The 2015 Skomer guillemot breeding bird survey48 was
digitized in ArcMap 10.5.1 (ESRI, Redlands, California) and used to
delineate sections on the island’s cliffs that were occupied by breeding
birds. It was also used to identify the 10 largest colonies (count ≥ 592
individuals) and 11 densest colonies (density ≥ 0.835, birds per sq. m),
with thresholds being selected by visually identifying clear
breakpoints.
A “digital elevation model” (DEM) (50 cm resolution retrieved from Lle
Geo-Portal http://lle.gov.wales) was used to identify cliff habitat by
selecting slopes ≥ 20o (initial trials showed this
value performed well in isolating cliff habitat). The resultant area was
divided into sections according to those used in the breeding survey.

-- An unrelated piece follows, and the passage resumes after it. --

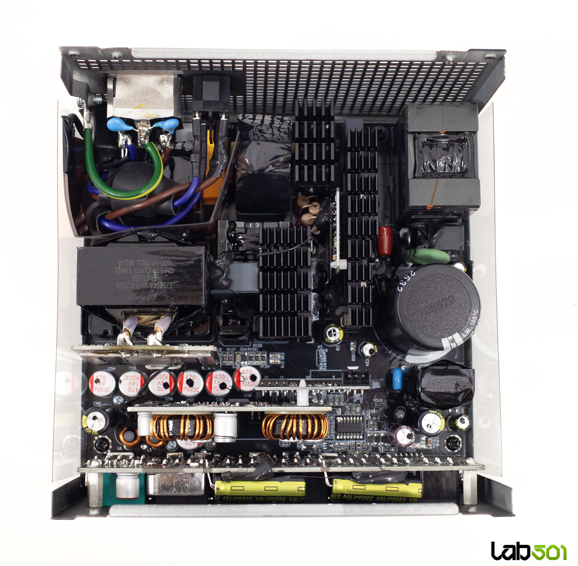 In secundar regasim condensatori electrolitici ChengX, precum si polimerici de la ChengX si Chinsan (Elite), inclusiv pe PCB-ul destinat conversiei DC-DC. Filtrarea EMI este completa, incluzand 4 condensatori de tip Y si 2 de tip X cu circuit de descarcare, bobina de ferita pe fir, doua bobine pentru filtrare CM (common mode) si un varistor pentru protectia la supratensiuni (surge). Protectia la supracurent la pornire (inrush) este asigurata printr-un termistor NTC in paralel cu un releu de bypass, o solutie clasica si eficienta.
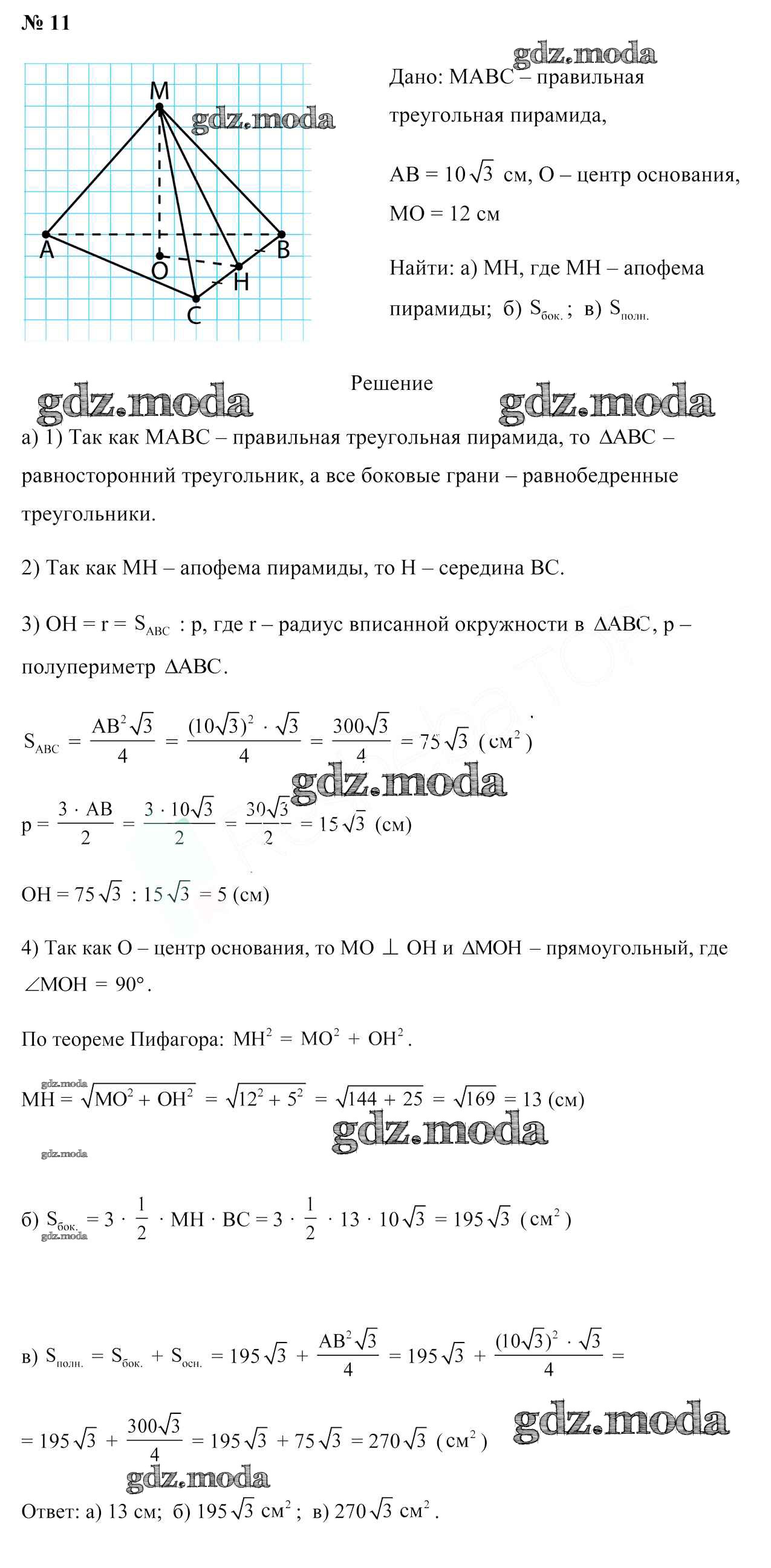 ОТВЕТ на задание № 11 Учебник по Геометрии 10 класс Латотин

These same sections (71 in total) were used in all further analyses, 38
of which were occupied by breeding birds (Fig. 2 a). The minimum height
of each section was taken as 10 m to account for variation in tide
height (maximum tide height ~ 5 m on the day the DEM was
produced), the maximum wave height (taken to be 3 m), as well as a
minimum distance above water that birds tend to nest, taken to be 2
metres7. The maximum height of each section was
reduced using a minimum distance of 15 m from the top of the cliff. This
distance was the mean proximity of nests from the top of the cliffs for
three major colonies, based on highly resolved theodolite
measurements49.
A similar approach was taken to digitize the distribution of breeding
guillemots on Skokholm from the 2018 breeding bird
survey50 (Supplementary Fig. 1a). However, because the
elevation of Skokholm’s cliffs is much lower, the minimum distance from
the top of the cliffs, was set at 7 m (this value was arrived at in
consultation with the wardens). The small proportion of occupied cliffs
that did not satisfy this threshold were not mapped. In the cases where
estimates of bird numbers were given in relation to a single point on
the map, we used a minimum section length of 30 m of coastline, unless
ascribing this width to adjacent colonies would have resulted in
unoccupied sections of < 30 m, in which case we assigned a
section of 30-50 m in length. This approach resulted in 35 colonised
areas from a total of 91 (Supplementary Fig. 1b).